Neste dia, no da 13.ª jornada da Oberliga, a última antes da pausa de inverno, o Dínamo Dresden venceu no terreno do BSG Stahl Riesa por 2-0. Peter Kotte marcou pelo terceiro jogo consecutivo e atingiu os sete golos em dez jogos. Gerd Weber (seis golos em oito jogos) e Matthias Müller (um em 10) também foram utilizados pelo técnico Gerhard Prautzsch.

Por esta altura, o plano de Gerd Weber já estava em andamento. Na segunda eliminatória da Taça UEFA, semanas antes, o futebolista tinha aproveitado a viagem a Enschede, na Holanda, para ter uma reunião com desertores da RDA que o queriam convencer a ir jogar para a Bundesliga, ao serviço do Colónia. A proposta de 200 mil marcos anuais era tentadora e estendia-se aos dois colegas de equipa.

Weber estava interessado. Era informador da Stasi desde 1975 e já tinha elaborado mais de 70 relatórios sobre colegas, mas estava farto dessa vida e ir para o Ocidente era a solução perfeita. Müller e Kotte, pelo contrário, não estavam interessados: ouviram a proposta e recusaram a oportunidade.

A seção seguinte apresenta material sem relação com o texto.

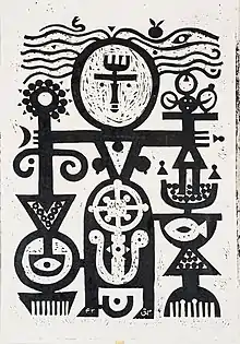 C'est ainsi qu'apparaissent des courants d'art iranien moderne qui allient modernisation et expressivité individuelle, et incluent dans l'œuvre des éléments, des motifs, du passé : le mouvement Saqqa-Khaneh est le plus important d'entre eux[4]. Il est informellement impulsé dans les années 1950 et 1960 par les artistes Hossein Zenderoudi (en) (1937-), Parviz Tanavoli (1937-), Faramarz Pilaram (1938-1983), Massoud Arabshahi (en) (1935-), Mansour Ghandriz (1936-1966), Nasser Oveisi (1934-), Sadeq Tabrizi (1939-) et Zhazeh Tabatabai (1928-)[5],[6],[alpha 2]. Ces artistes ont tous fréquenté l'École des Arts Décoratifs de Téhéran, tout juste créée en 1961 et qui a formé de nombreux « peintres, sculpteurs et designers modernes qui ont joué un rôle crucial dans le développement de l’art visuel contemporain iranien »[4]. Les professeurs, iraniens et étrangers, encouragent leurs élèves à trouver dans les symboles, expressions idiomatiques et héritages locaux des sources d'inspiration[4],[7].

A Stasi não quis saber e naquele dia de janeiro, no aeroporto de Schönefeld, antes de a seleção nacional partir para uma digressão na América do Sul, deteve os três jogadores. As justificações de Müller e Kotte não serviram de nada: sabiam do que se estava a passar e falharam em comunicar as intenções de Weber.

As sanções foram diferentes. Weber foi condenado a 27 meses de prisão, expulso do partido e das forças policiais, perdeu todas as condecorações e privilégios, e foi banido do futebol. O atacante acabou por servir apenas nove meses, tendo depois cumprido mais um castigo de seis meses sem poder viajar dentro do Bloco Oriental.

O jogador nunca mais quis trabalhar com a Stasi, e nem mesmo as promessas de poder voltar a jogar futebol o seduziram. Oito anos depois, em vésperas da queda do Muro de Berlim, Weber aproveitou a abertura da fronteira entre a Hungria e a Áustria e cumpriu finalmente o seu desejo… demasiado tarde.

Voltar a jogar futebol não era necessariamente uma benesse, e Müller e Kotte aperceberam-se disso da pior maneira. Como eram apenas cúmplices, as detenções foram mais suaves – cinco dias. Foram, além disso, expulsos dos quadros da polícia e impedidos de voltar a jogar futebol ao mais alto nível, sendo forçados a alinhar nos escalões secundários. Voltaram ainda a ser elegíveis para seis meses de serviço militar e foram obrigados a fazer trabalho manual.

A dupla sempre acreditou que havia um pote de ouro à espera no final do arco-íris. Acharam que se acatassem as decisões e trabalhassem com afinco poderiam apelar ao espírito social comunista e voltar a jogar futebol de topo.

Por duas vezes, fizeram uma petição dirigida ao patrão da Stasi, Erich Mielke. Por duas vezes esta foi recusada. «A impossibilidade de jogar futebol de elite tem-me causado muitas horas dolorosas», lamentava Müller na primeira. Não serviu de nada.

A RDA tinha-os esquecido. Logo em 1981, deixaram de aparecer nas listas de melhores marcadores e as fotografias foram adulteradas para não exibir traidores. As perspetivas de vida para Müller não eram mais do que jogar como amador e estudar para ser professor na área do desporto. Só isso.

Oficialmente, a posição das autoridades sublinhava que a dupla tinha cometido uma «violação grave dos princípios do movimento desportivo socialista e das regras da vida social comunista». E nada mais voltou a ser o mesmo.